* _WORK INSTRUCTION_
Transcribe word for word the section of the records below that opens with the line containing "Два прозрачных бокала" and closes with the line containing "日前,华证指数公布了新一期(2025年1"; drop every picture.

* _SUPPLIED ENTRIES_
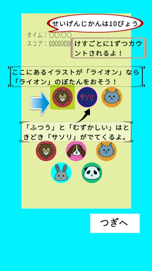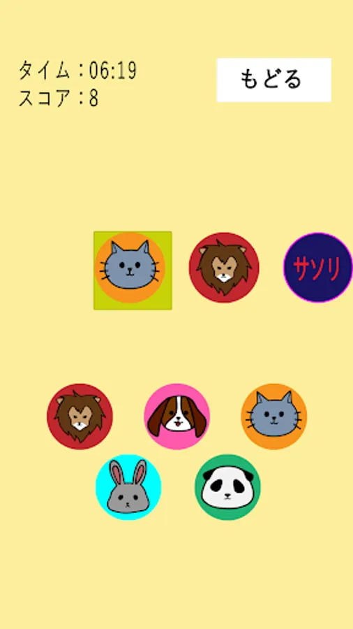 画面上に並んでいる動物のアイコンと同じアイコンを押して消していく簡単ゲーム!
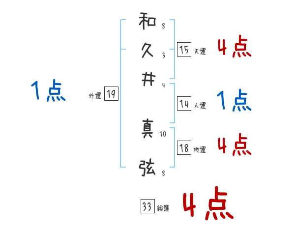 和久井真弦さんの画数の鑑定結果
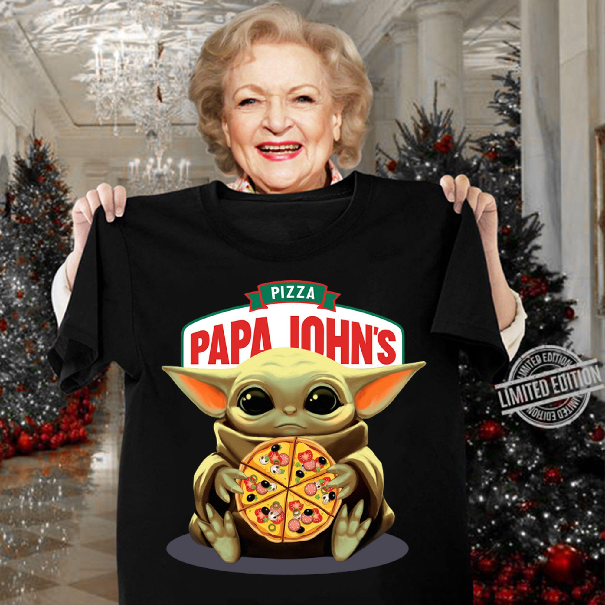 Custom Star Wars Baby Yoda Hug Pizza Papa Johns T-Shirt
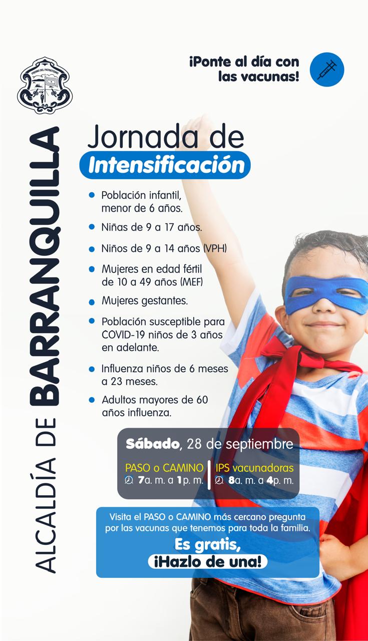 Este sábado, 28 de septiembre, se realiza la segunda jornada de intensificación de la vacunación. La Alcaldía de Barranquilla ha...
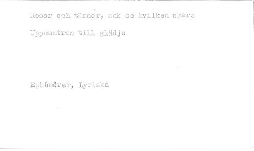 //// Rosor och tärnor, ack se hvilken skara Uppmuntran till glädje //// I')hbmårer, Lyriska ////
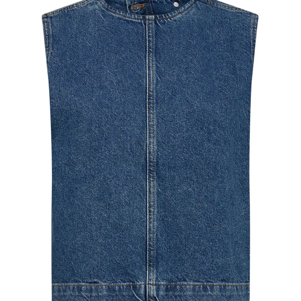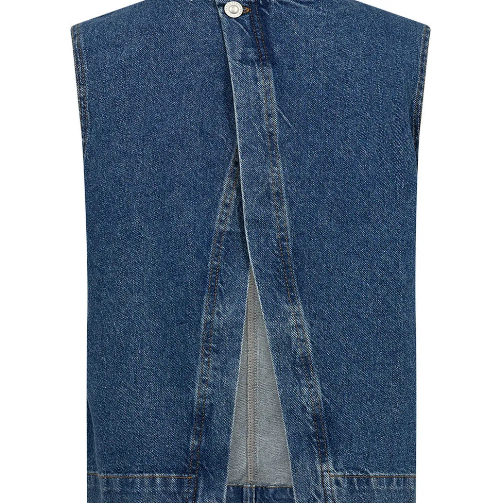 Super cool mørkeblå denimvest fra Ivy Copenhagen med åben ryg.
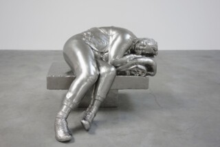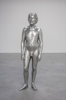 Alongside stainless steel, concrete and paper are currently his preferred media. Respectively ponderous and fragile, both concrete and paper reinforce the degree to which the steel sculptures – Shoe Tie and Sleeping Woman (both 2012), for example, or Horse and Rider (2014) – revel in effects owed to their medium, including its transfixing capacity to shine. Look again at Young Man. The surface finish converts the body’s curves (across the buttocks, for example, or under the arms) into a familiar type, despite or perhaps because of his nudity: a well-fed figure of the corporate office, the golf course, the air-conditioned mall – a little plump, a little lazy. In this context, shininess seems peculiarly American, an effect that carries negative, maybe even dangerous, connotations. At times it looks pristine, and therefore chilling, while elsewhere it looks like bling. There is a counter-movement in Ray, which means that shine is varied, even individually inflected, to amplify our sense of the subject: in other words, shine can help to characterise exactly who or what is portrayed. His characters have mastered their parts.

* * *

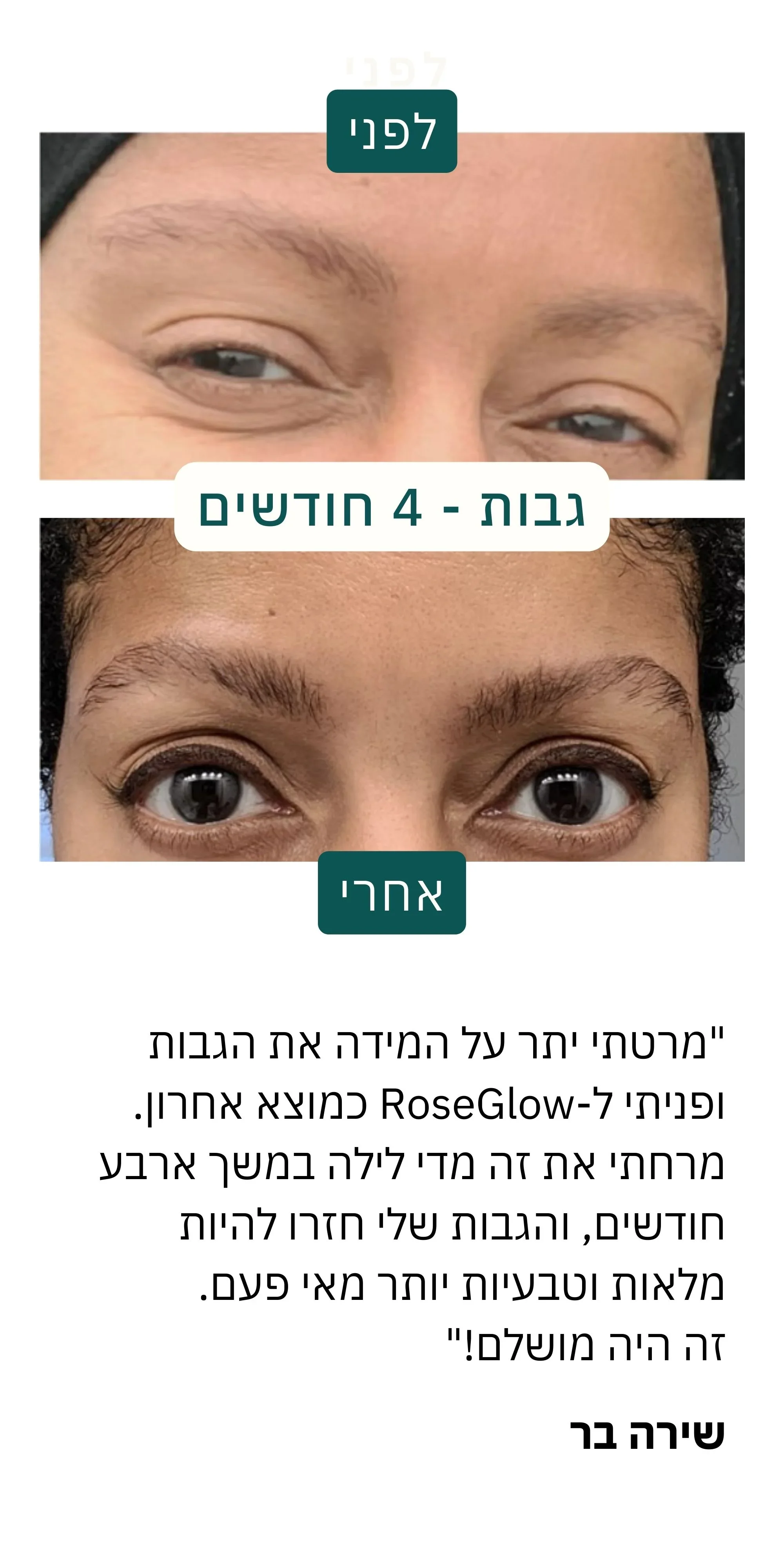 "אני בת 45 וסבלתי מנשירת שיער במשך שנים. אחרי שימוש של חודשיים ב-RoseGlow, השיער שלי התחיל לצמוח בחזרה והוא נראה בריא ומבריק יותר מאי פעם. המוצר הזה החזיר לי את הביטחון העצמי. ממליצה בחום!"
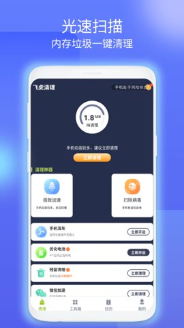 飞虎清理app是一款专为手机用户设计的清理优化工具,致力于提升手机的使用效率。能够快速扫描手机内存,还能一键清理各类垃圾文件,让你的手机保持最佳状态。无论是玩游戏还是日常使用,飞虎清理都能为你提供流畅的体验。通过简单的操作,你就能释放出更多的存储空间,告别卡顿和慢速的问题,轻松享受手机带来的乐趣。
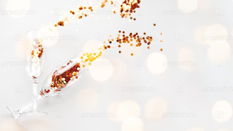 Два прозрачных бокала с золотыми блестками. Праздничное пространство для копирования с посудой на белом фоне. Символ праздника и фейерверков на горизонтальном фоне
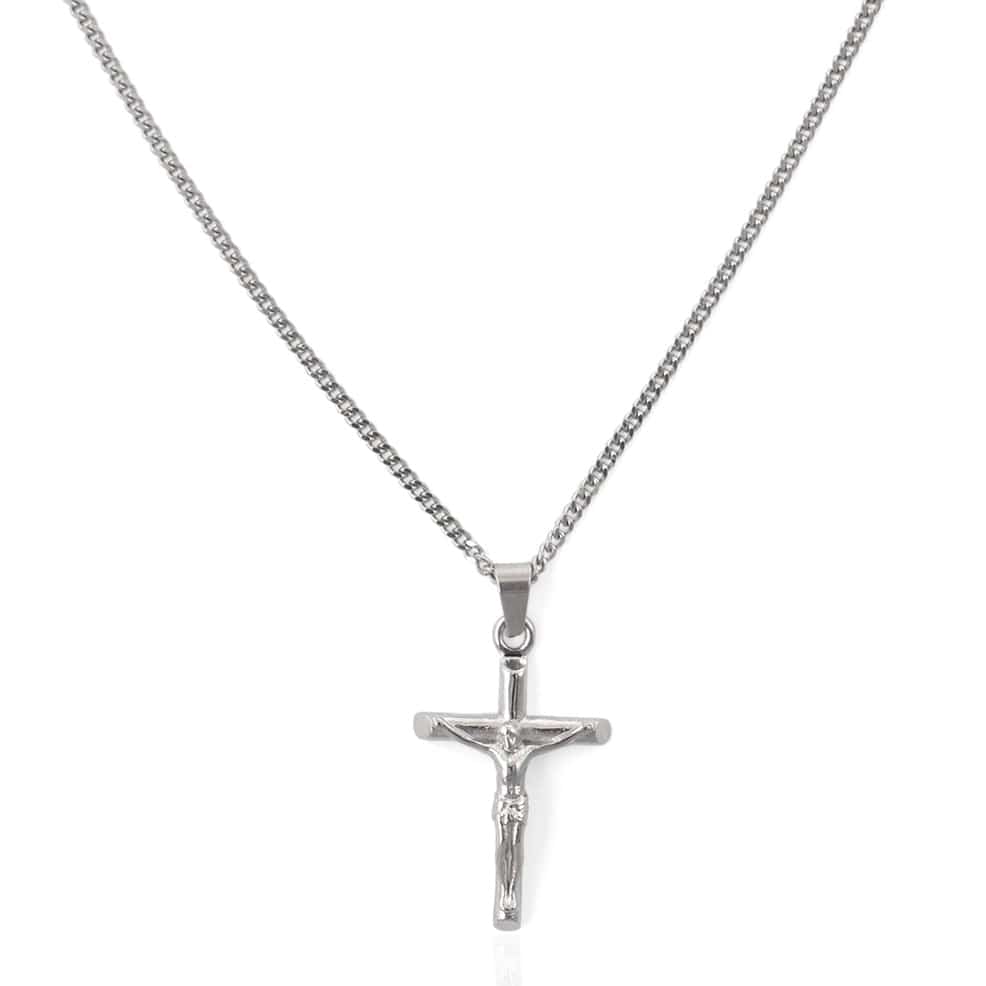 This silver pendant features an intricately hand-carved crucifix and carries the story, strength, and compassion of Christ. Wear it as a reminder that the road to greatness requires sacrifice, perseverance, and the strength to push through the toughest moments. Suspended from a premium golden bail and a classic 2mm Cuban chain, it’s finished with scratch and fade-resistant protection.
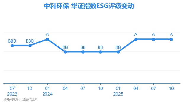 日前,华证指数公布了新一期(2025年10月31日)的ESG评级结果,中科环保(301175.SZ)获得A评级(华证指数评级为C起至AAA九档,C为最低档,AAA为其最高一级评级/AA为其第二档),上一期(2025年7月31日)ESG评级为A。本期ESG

* _TASK RESPONSE_
 Два прозрачных бокала с золотыми блестками. Праздничное пространство для копирования с посудой на белом фоне. Символ праздника и фейерверков на горизонтальном фоне
 This silver pendant features an intricately hand-carved crucifix and carries the story, strength, and compassion of Christ. Wear it as a reminder that the road to greatness requires sacrifice, perseverance, and the strength to push through the toughest moments. Suspended from a premium golden bail and a classic 2mm Cuban chain, it’s finished with scratch and fade-resistant protection.
 日前,华证指数公布了新一期(2025年10月31日)的ESG评级结果,中科环保(301175.SZ)获得A评级(华证指数评级为C起至AAA九档,C为最低档,AAA为其最高一级评级/AA为其第二档),上一期(2025年7月31日)ESG评级为A。本期ESG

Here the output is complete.